For initializing the cytokines in the model, we used values measured from experimental studies which are closely in line with the modeled environment. However, it is likely that the values appropriate for the mouse vertebra at a given age might differ from the experimental values due to site, age, loading and phenotypic characterization of the data. This problem has been identified for in silico models of bone mechanobiology (Checa and Prendergast, 2009), where simple approaches were adopted to overcome this lack of information (Perier-Metz et al., 2020; Borgiani et al., 2021; Perier-Metz et al., 2022). This limitation might be partially overcome by taking advantage of the mechanical environment as it was performed by Tourolle et al. (2021). A more synergistic study where the cytokines are experimentally obtained from the same site on a regular basis would help in the calibration of this micro-MPA in silico model. In addition, the information on the cell densities is scarce and they might change between different bones, age, sex, and physiological conditions. Moreover, the cells might be distributed differently in bone and in the marrow. This aspect is especially relevant for osteocytes which are not motile in bone, meaning that their initial distribution is essentially preserved throughout the time of the simulation, except when they are no longer present due to cell apoptosis or bone resorption. The initial cell densities and cytokine distributions will have implications in the estimations of the proliferation and cell rates as well as the single-cell activity, e.g., resorption and cytokine production rates. Consequently, the amount of unknown initial conditions is very high, and it can take some time before the simulated cells and cytokines can reach a realistic spatio-temporal distribution, with minimal influence of the assumed initial condition. This limitation was addressed by the additional iterations of the model first without changes and then with changes to the bone microarchitecture. However, the number of iterations required for this purpose could be even higher.

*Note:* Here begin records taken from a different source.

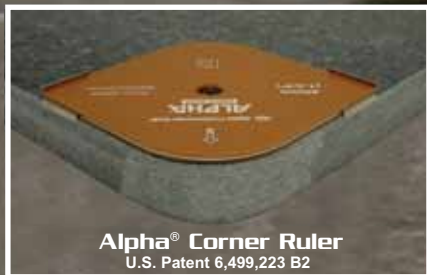
Alpha® Corner Ruler U.S. Patent 6,499,223 B2

Alpha® Contour blade together with the AWS-125 Stone Cutter allows fabricators to cut a sink hole along the cut line quickly and safely. In order to shape the edge to a desired profile, Alpha® introduces the Profiler Z-Series, Vertical Grinding Wheels.
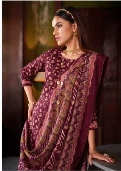
THE MAGNUM OPUS | 522-006

THE MAGNUM OPUS HAS BEEN SELECTED TO BE THE COVER PAGE OF L'ESPEYRE FASHION MAGAZINE THROUGH THE WORLD CUP FASHION SHOWS THAT WILL BE HELD IN THE WORLD'S TOP CITIES.
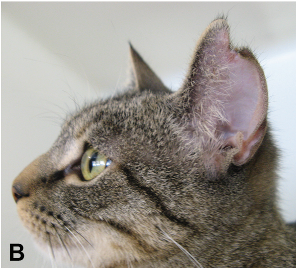
Figure 2 —Photographs illustrating unilateral ear tipping to indicate that a community cat has been neutered (A) and showing a community cat with an injured ear flap (B). Ear tipping, rather than notching, is recommended to identify neutered community cats, because ear tipping results in a distinctive straight edge whereas ear flap injuries may easily be mistaken for surgical ear notching.

be returned to their traps or transport carriers while unconscious for recovery monitoring. In this case, cats should be carefully monitored to ensure that movement or turning in the confined space during recovery does not compromise airway patency; gentle rocking or tilting of the trap or carrier may be necessary to safely reposition the cat's head and neck.
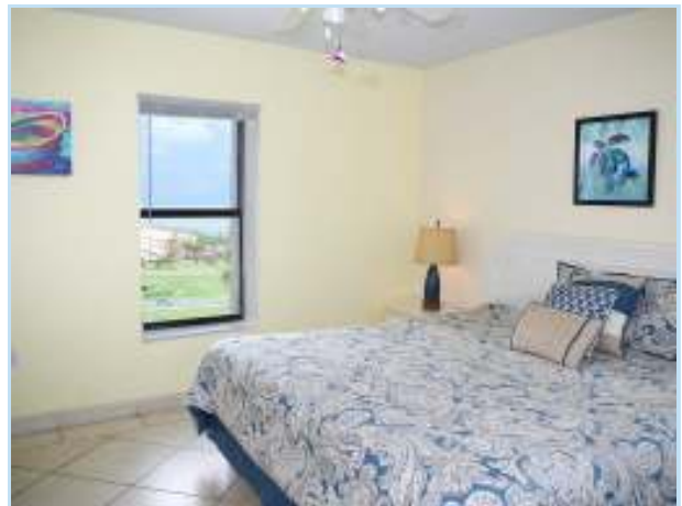
spacious guest bedroom
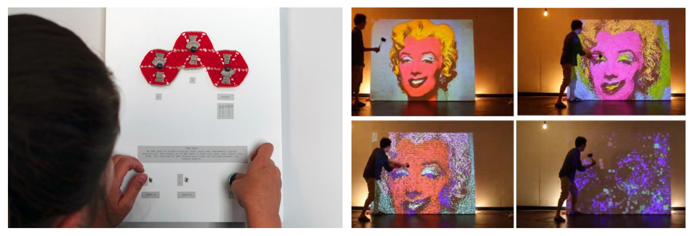
(a) Crafted Logic [83].
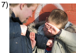
to bother, to bug
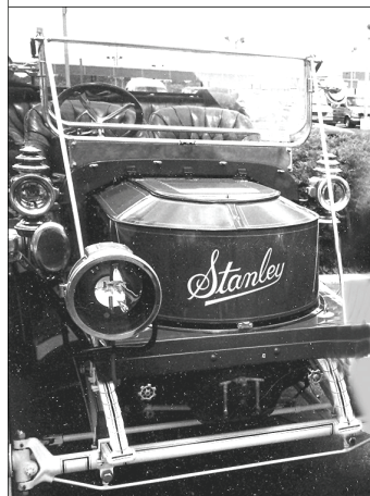
Stanley's other invention!

Twin brothers Freelan and Francis Stanley, best known for the invention of the Stanley Steamer,
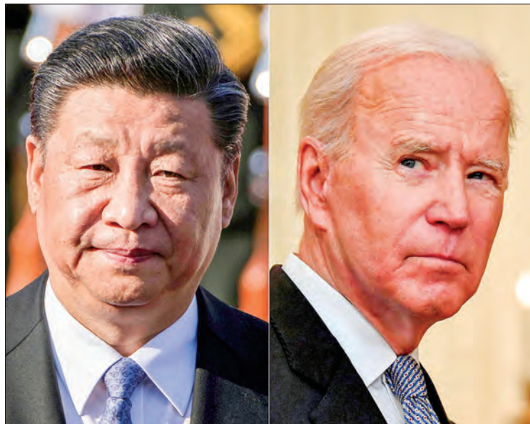
Chinese President Xi Jinping and US President Joe Biden talked by phone for the second time this year.

US-China relations went into a nosedive under Biden's predecessor Donald Trump, who launched a trade war between the world's number one and two economies and harangued the Chinese government for its handling of the coronavirus pandemic. Biden's administration, while urging multilateralism and an end to Trump's "America first" ideology, has kept trade tariffs in place and remains tough on other contentious areas of the relationship with Beijing, such

The receptor-ligand kinetics in the context of micro-MPA in silico models is still very novel and needs further exploration. Depending on the application, the formulations might differ to include other aspects like trafficking and intracellular signaling (Cilfone et al., 2015). Moreover, there might be molecular aspects that might be lost when using this kind of equation and coefficients might be recalibrated depending on the environment. Indeed, some coefficients might be experimentally obtained from analysis of the interactions between monomers (Nelson et al., 2012), but their usage might not be straightforward due to the coexistence of other phenomena like spatial diffusion and movement of the ligands from one receptor to the other in the proximity of the cell surface (Erbaş et al., 2019). Furthermore, the cell response is usually achieved when most of its surface receptors are still unoccupied (Lodish et al., 1999). It is still difficult to estimate in vivo the number of surface receptors and the number of occupied receptors along with an accurate description of the receptor-ligand kinetics, especially when competitive reactions are involved, e.g., the RANKL-RANK-OPG axis. Hence, the receptor-ligand kinetics in bone remodeling remains challenging but crucial. Nonetheless, it is our belief that the sensitivity analysis of protein expression presented can encourage more complex approaches such as uncertainty quantification, for calibration and estimation of more realistic model parameters (Geris and Gomez-Cabrero, 2016; Gomez-Cabrero et al., 2016; Viceconti et al., 2019; Hamis et al., 2021). Ultimately, we expect these could have direct benefits in the quality of the simulation output.
Conclusion
This study showcases the use of single-cell mechanomics in a micro-MPA in silico model of trabecular bone remodeling applied to in vivo data. We were able to reproduce homeostatic bone remodeling and highlight how tuning the single-cell osteocyte production rates of OPG, RANKL and Scl further induces anabolic, anti-anabolic, catabolic and anti-catabolic responses from the baseline model. Specifically, OPG and RANKL levels altered the homeostatic remodeling around the equilibrium value of the average trabecular bone volume fraction while Scl altered the final trabecular bone volume fraction at equilibrium. By careful calibration of biological parameters, we hope that this model can shed light on bone remodeling and associated diseased states. Micro-MPA models over several scales will be needed in the future because only with them it will be possible to unravel biological processes and their effects realistically. This will advance the field of bone remodeling and our current understanding of its mechanisms.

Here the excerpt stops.